The fissures in the Sino-Russian “axis of convenience” have emerged yet again, and this time Moscow has gone to the level of giving a cold shoulder to Chinese President Xi Jinping’s flagship Belt and Road Initiative (BRI). Last month, Chinese Foreign Minister Wang Yi hosted a virtual conference on the BRI. Xi Jinping described it as “an opportunity to discuss a collective response to COVID-19, advance Belt and Road cooperation, and strengthen international solidarity.”
Ministerial-level officers from 25 countries were in attendance. But one prominent face was missing- the Russian Foreign Minister, Sergei Lavrov. Lavrov chose to deliver a written statement, and an Ambassador at large attended the event in his place.
Lavrov’s absence hints that Russia is done with the Belt and Road Initiative (BRI). And this doesn’t sound surprising at all. Beijing and Moscow have been claiming to share a strong relationship and unwavering commitment towards Beijing’s flagship infrastructure programme, but in reality, Russia has hardly been a keen BRI partner.
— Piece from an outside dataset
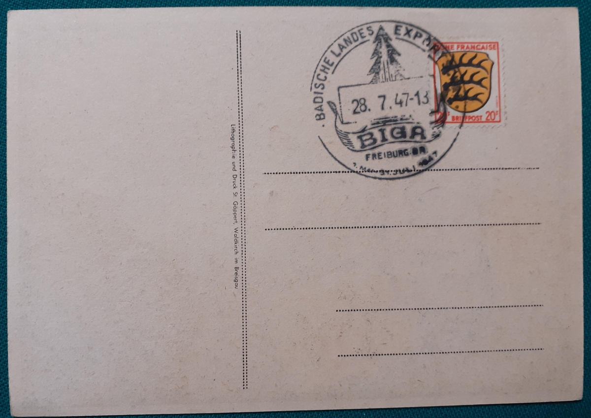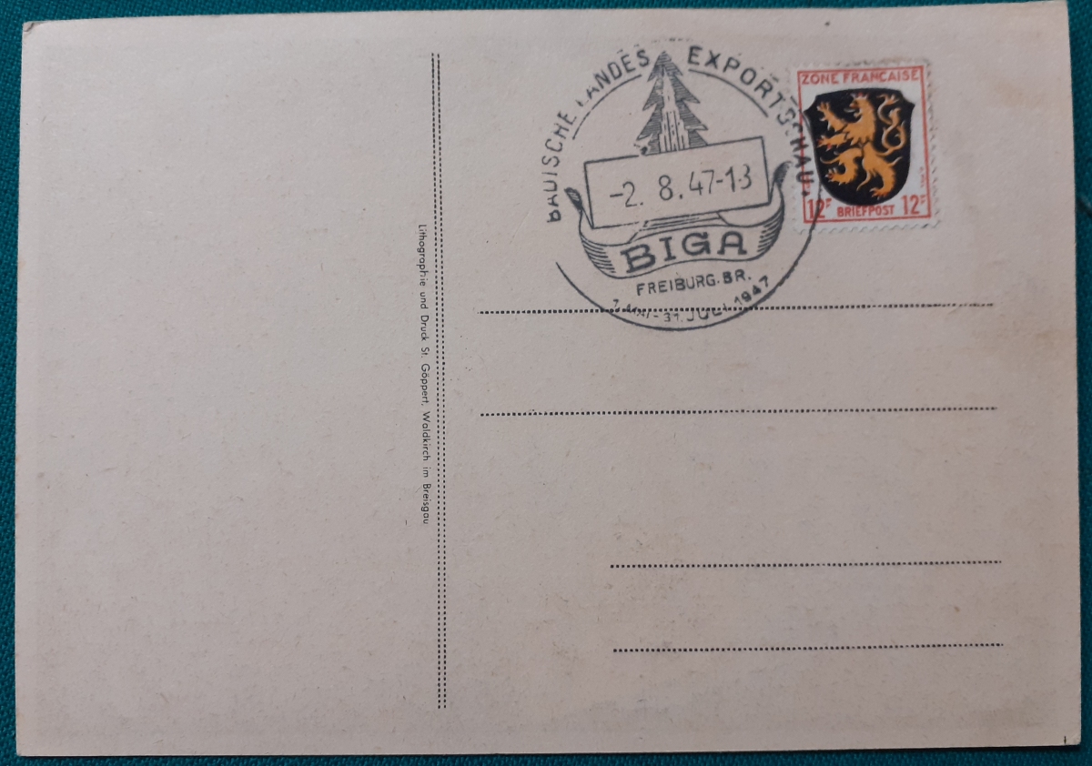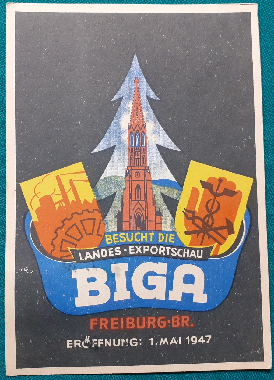"BIGA" Karte mit einer aufgeklebten Marke "Zone Francaise 12 Pf" und Sonderstempel in recht gutem altersgemäßen Zustand Preis: 2 EURO |

In fact, Russia is part of the BRI in name only.
Igor Denisov, a senior research fellow at the Moscow State Institute of International Relations said, “Russia is not part of the BRI. It is only a supporter of Chinese global outreach as long as it is in Russia’s interests.”
As far as the BRI co-operation between Russia and China is concerned, it has been reduced to a showcase of ostensible camaraderie between the two countries. China likes to claim Moscow as the most integral partner of Beijing in the BRI. The Chinese State media and strategic circles continue to claim that BRI connectivity between Russia and China is the key to augment trading ties with Europe.
As for Vladimir Putin, he also uses the BRI for superficial purposes- flaunting the so-called close ties between Russia and China. The Russian President makes it a point not to miss the biennial Belt and Road Forum.
Where Russia wants co-operation in the BRI, China doesn’t reciprocate. Putin, for example, wants to align the BRI with the Eurasian Economic Union (EAEU), a Moscow-led economic union of countries located in Eastern Europe, Central Asia and Western Asia.
Eurasia has traditionally been an area of Russian influence. But Chinese investments are now increasing in the post-Soviet space with a spate of BRI projects. Putin wanted to reclaim the receding Russian influence in the region, and this is why China and Russia signed a landmark declaration in 2015 to integrate the EAEU and BRI. But not much progress has happened on this front either.
China hasn’t accepted even one of the 40 transportation project proposals made by the Eurasian Economic Union. Till 2019, China did not find a single EAEU project worth the “Belt and Road” label. Beijing wants to ensure that Russia keeps playing second fiddle, but Putin is not the one who would get overshadowed by Xi Jinping and this is creating some serious bottlenecks in Russia’s BRI participation.
It is not as if China has not invested in Russia. Beijing has invested in strategic Russian sectors and Moscow itself is open to Chinese investments primarily because the Russian economy has been ravaged by Western sanctions following the Crimean Peninsula annexation of 2014.
However, Chinese investments in Russia remain largely outside the Belt and Road Initiative fold. Even the bigger investments like the Yamal LNG project in Northern Russia has little to do with the BRI. Bobo Lo, a non-resident fellow at the Lowy Institute said in an interview, “Yamal LNG has precious little to do with BRI. It is simply a bilateral project between China and Russia.”
In fact, for all the hullabaloo around growing Sino-Russian ties, the Chinese FDI in Russia in 2017 stood around 140 million US dollars. This wasn’t very significant in Russia’s total FDI inflows of 25.3 billion US dollars. In fact, Chinese investments in Russia do not match those in the real BRI partner countries like Iran and Pakistan.
Russia is constantly snubbing China over the BRI- a flagship project very close to the Chinese President Xi Jinping. If Russia speaks enthusiastically about the BRI, it is only because Moscow doesn’t want to antagonise China at a time when the Russian economy is already in tatters.
Lavrov’s absence at the virtual conference and the complete lack of BRI projects in Russia are clear signs of Moscow’s reluctance to be clubbed together with a global pariah like China. The dissensions in Sino-Russian ties are for everyone to see.